However, what it costs and where you live doesn't matter, because there is no way you are going to get a visa. You seem to think that GBP 800 is a substantial income, so I'm assuming you don't have at least half a million to start or invest in a business (that's what the EB5 is for).

I don't know what this agent is telling you, but I certainly hope you haven't paid out any money. There are a lot of people out there promising that they know the secret to getting US residency. Agents have no influence, and there really aren't any secrects. Major corporations in the US are begging the government to remove some new restrictions so we can keep foreign students who have earned PhDs from American universities in critical sciences. If they can't get visas for extremely highly qualified people who are already in the US, an agent isn't going to be able to get you in.


----------



## PieGrande (Nov 16, 2008)

There are cheaper places than Oklahoma.
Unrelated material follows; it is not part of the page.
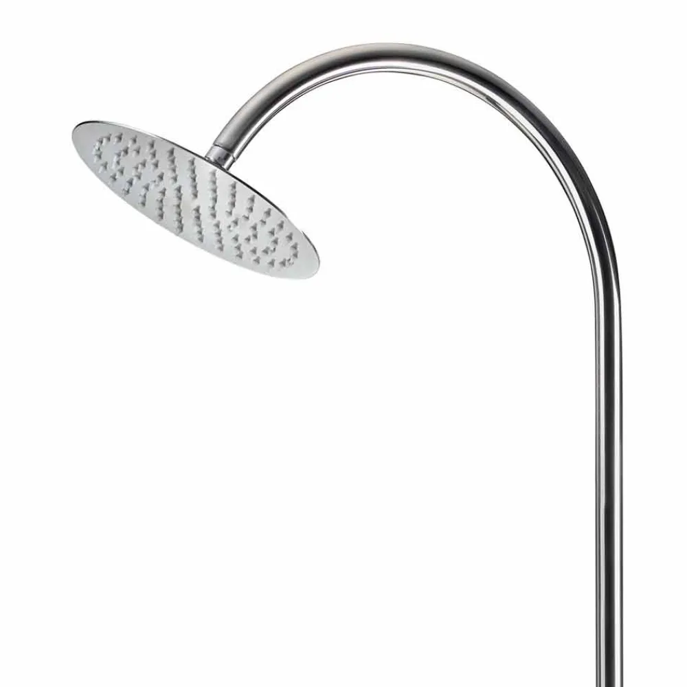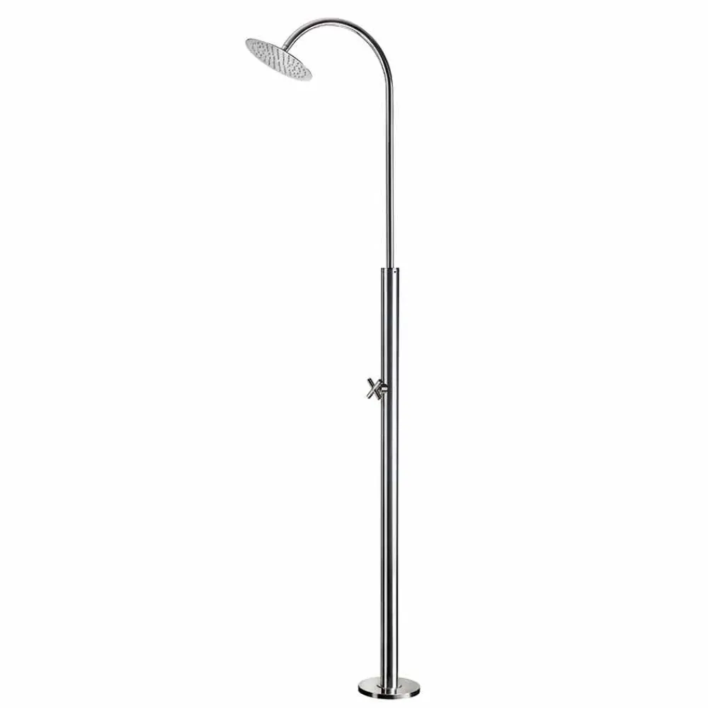 Gartendusche aus Edelstahl nur für kaltes Wasser mit rundem Duschkopf, hergestellt in Italien.
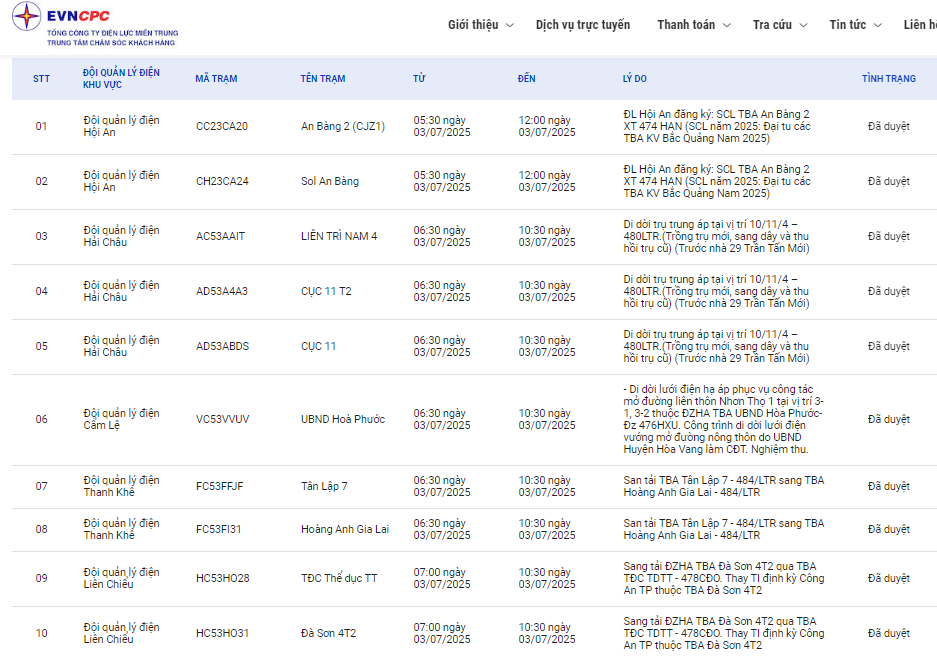 | 10 | Đội quản lý điện Liên Chiểu | HC53HO31 | Đà Sơn 4T2 | 07:00 03/07/2025 | 10:30 03/07/2025 | Sang tải ĐZHA TBA Đà Sơn 4T2 qua TBA TĐC TDTT - 478CĐO. Thay TI định kỳ Công An TP thuộc TBA Đà Sơn 4T2 | Đã duyệt |

The question is, do you wish to live there? 

One is where we live when we are in the States, the McAllen area. A few years ago, it was shown as one of the cheapest places to retire. Problems: high crime rate because of drug traffic at the border; and hot summers.
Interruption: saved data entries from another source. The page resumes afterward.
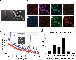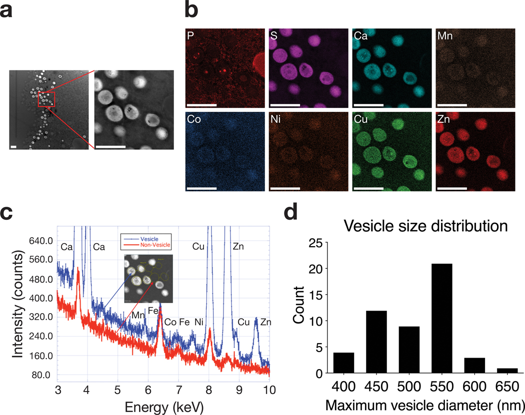 Figure 6:. Analytical electron microscopic analysis of egg animal pole cortical vesicles.AEM demonstrates that multiple metals are stored in sub-micrometer vesicles in the animal pole. a. High Angle Annular Dark Field Scanning Transmission Electron Microscopy (HAADF-STEM) images of the cortex of the animal pole of a fixed Xenopus egg. b. Hyperspectral elemental intensity distribution maps: background corrected, with a 0.7-pixel gaussian blur, no normalization, no quantification. Same conditions as in a. Scale bar = 1 μm in both a. and b. These are representative images of 3 separate scans. c. Cumulative XEDS spectra confirming the presence of Ca, Mn, Co, Ni, Cu, and Zn in vesicles. These comparison spectra are obtained by summing individual spectra from an identical number of pixels in regions of interest which correspond to vesicle and neighboring non-vesicle areas. d. Histogram of vesicle diameter distribution from image in a. n = 50 vesicles measured.
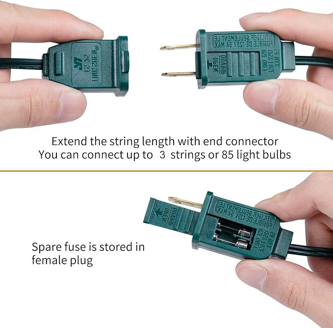 - [End to End Connectable] 6" spacing from male plug to the first bulb, 12" spacing between bulbs, 6" spacing from last bulb to tail female connector. Each 25 foot string light provides end-to-end connections. Connect up to 3 Sets. Total length 25 feet vintage christmas lights.
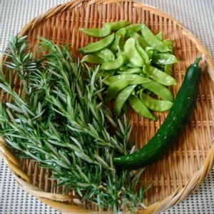 今日の収穫です💚 今年初物のきゅうりを採りました。次の赤ちゃん🥒が3本育って来ているので早めに採りました。 さやえんどうも追肥のお陰でまだ採れていますが 収穫タイムは虫との闘いです🐛🐞🐜 鉢裏には必ずナメクジが💦 アブラムシやウリハムシ イモムシ ケムシまで会っちゃいます‼️ ローズマリーは蒸れに弱いので摘みました✨ 良い香りです~💚🌿
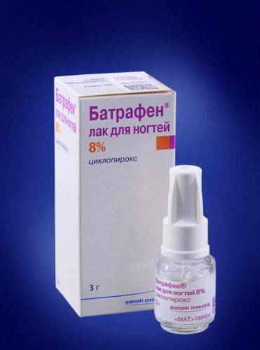 - Батрафен – эффективный лак для лечения 58 видов грибов, провоцирующих развитие микоза на ногтях рук и ног. Его активный компонент – Циклопирокс. Схема терапии рассчитана на 3 месяца. 1-ый месяца средство наносится на поражённые ногти через день, 2-ой месяц – дважды в неделю, 3-ий месяц – раз в неделю. Максимальная длительность терапии – 6 месяцев. Противопоказания – возраст до 10 лет, гиперчувствительность к компонентам, беременность, лактация. Побочные эффекты – крапивницы, зуд, шелушение. Стоимость – от 2200 руб. Подробнее о лаке Батрафен

In our retirement park, an old mobile home, with the lot included, can be purchased for less then $30,000 USD. Not everyone wants to live in a mobile home, but it is common there because of low average incomes in the area. There are local carpenters who specialize in refurbishing those otherwise old mobile homes.

That does not change the fact that visas to live in the US are very hard to get as described. I find that kind of sad. We have millions of relatively uneducated people who sneak in, but people of good character and some education such as yourself are stiffed.


----------